This paper investigates second-order achievable rate bounds for source and channel coding problems with side information—namely, the Wyner–Ziv, Heegard–Berger, and cost-constrained Gelfand–Pinsker problems—in network information theory. To overcome limitations of existing second-order analysis frameworks, we introduce a novel analytical paradigm termed “type deviation convergence,” which uniformly characterizes the statistical dependence induced by side information in both source and channel coding settings. By integrating type theory, deviation analysis, random coding, and joint typicality decoding, we rigorously derive tight second-order rate bounds for multiple problem classes. Our bounds strictly improve upon prior results by Watanabe–Kuzuoka–Tan, Yassaee–Aref–Gohari, and Li–Anantharam. The framework provides a more general and precise theoretical tool for finite-blocklength performance analysis of side-information–assisted coding.

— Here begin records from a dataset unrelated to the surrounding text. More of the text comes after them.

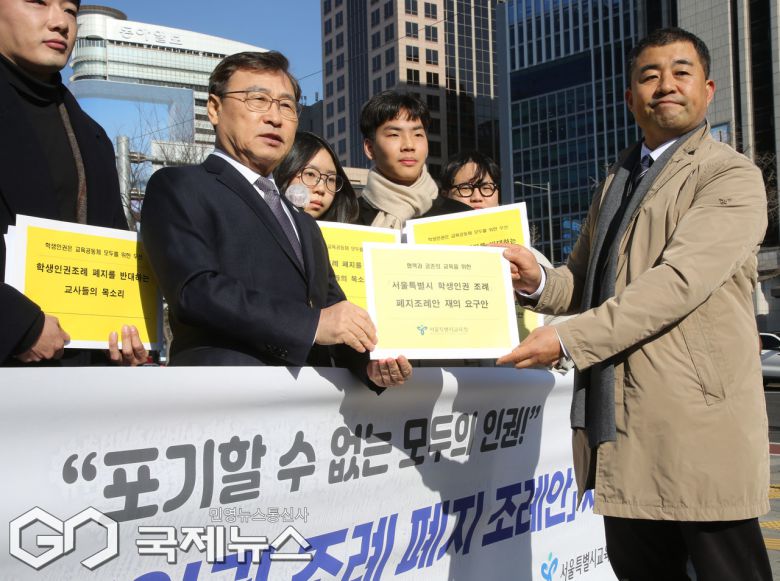 (서울=국제뉴스) 정근식 서울시교육감이 5일 오후 서울시 중구 세종대로 서울시의회 앞에서 학생, 교사 등과 함께 '서울특별시 학생인권 조례 폐지 조례안' 재의요구 입장을 밝힌 뒤 조백기 서울시교육청 학생인권옹호관에게 '서울특별시 학생인권 조례 폐지 조례안 재의 요구안'을 전달하고 있다.정 교육감은 "학생인권조례는 학생의 기본적 인권을 보호하기 위한 최소한의 제도"라며 "(학생인권 조례 폐지는) 학생의 기본권 보호 체계를 전면 해체하는 중대한 위헌·위법 행위이며, 공교육의 책임과 공익을 훼손하는 결정"이라고 입장을 밝혔다./사진=이용우 기자
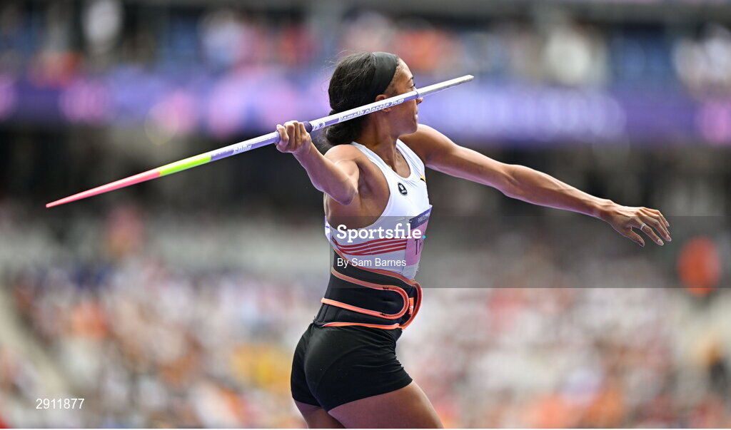 9 August 2024; Nafissatou Thiam of Team Belgium in action during the women's heptathlon javelin at the Stade de France during the 2024 Paris Summer Olympic Games in Paris, France. Photo by Sam Barnes/Sportsfile
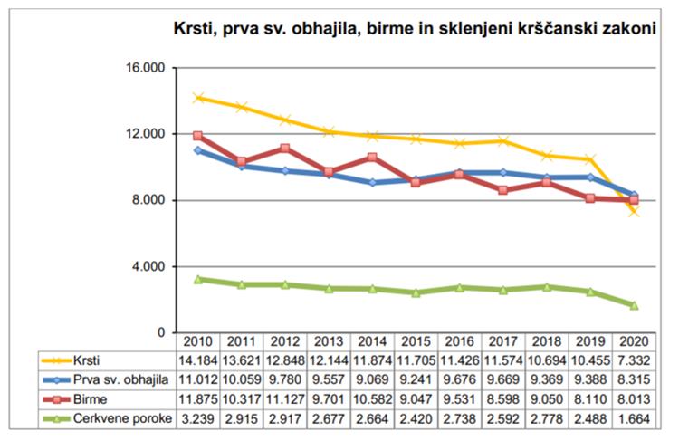 Število nedeljskih obiskovalcev svetih maš, ki je v letu 2019 prvič padlo pod 200 tisoč, se je v prvem letu korone praktično prepolovilo, cerkvenih porok je bilo samo 1.664 oziroma 40 % manj kot pred dvajsetimi leti, v letu 2020 je bilo krščenih zgolj še 38 % v Sloveniji rojenih otrok.
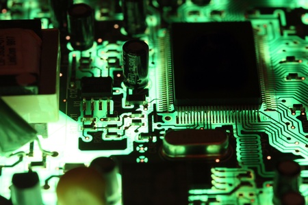Creative concept of modern technology, inside an electronic device. Electronic circuit board close up in low key. Selective focus
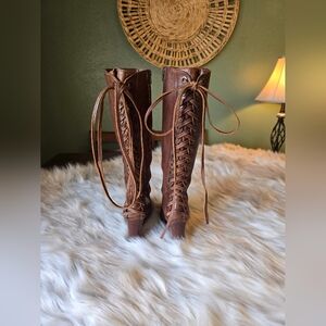Apepazza's super sexy back lace leather wedge boots! The vaunted Italian boot maker created a masterpiece on these boots! Soft brown kidskin leather that still fills your closet with a rich alluring aroma. Apepazza's legendary 4 inch heel and their amazing rubber all weather sole make these rare specimens of the boot world your perfect go to asset for every fall and winter adventure! Lovingly cared for and moisturized, these boots are in excellent condition!
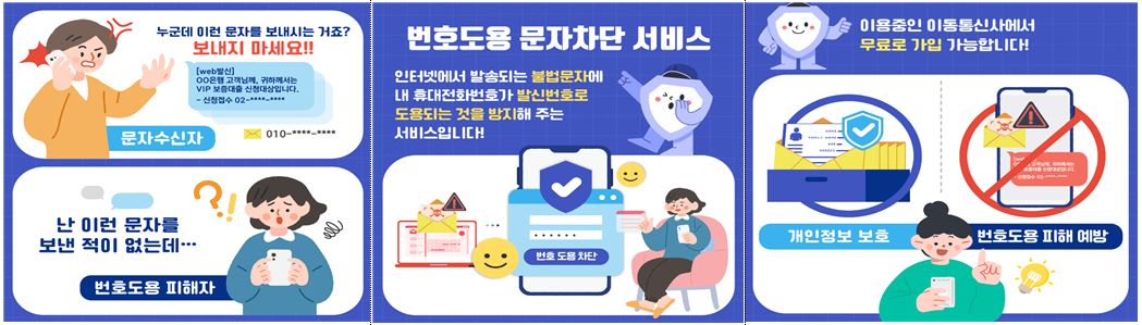 이통 3사와 KISA는 '번호도용문자 차단서비스'를 부가서비스 형태로 무료로 제공하고 있으며, 시스템 개선을 통해 이용자가 '번호도용 차단 서비스'신청 즉시 번호도용 차단이 가능하도록 개선하며, 차단서비스 이용률 제고를 위해 홍보를 강화할 예정이다.
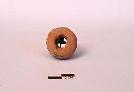 | Description / विवरण | A ring shaped terracotta bead with a thick section. The drill hole has ground ,abraded and chipped of wear .Its periphery is slightly mutilated. |

We propose a framework for second-order achievability, called type deviation convergence, that is generally applicable to settings in network information theory, and is especially suitable for lossy source coding and channel coding with cost. We give a second-order achievability bound for lossy source coding with side information at the decoder (Wyner-Ziv problem) that improves upon all known bounds (e.g., Watanabe-Kuzuoka-Tan, Yassaee-Aref-Gohari and Li-Anantharam). We also give second-order achievability bounds for lossy compression where side information may be absent (Heegard-Berger problem) and channels with noncausal state information at the encoder and cost constraint (Gelfand-Pinsker problem with cost) that improve upon previous bounds.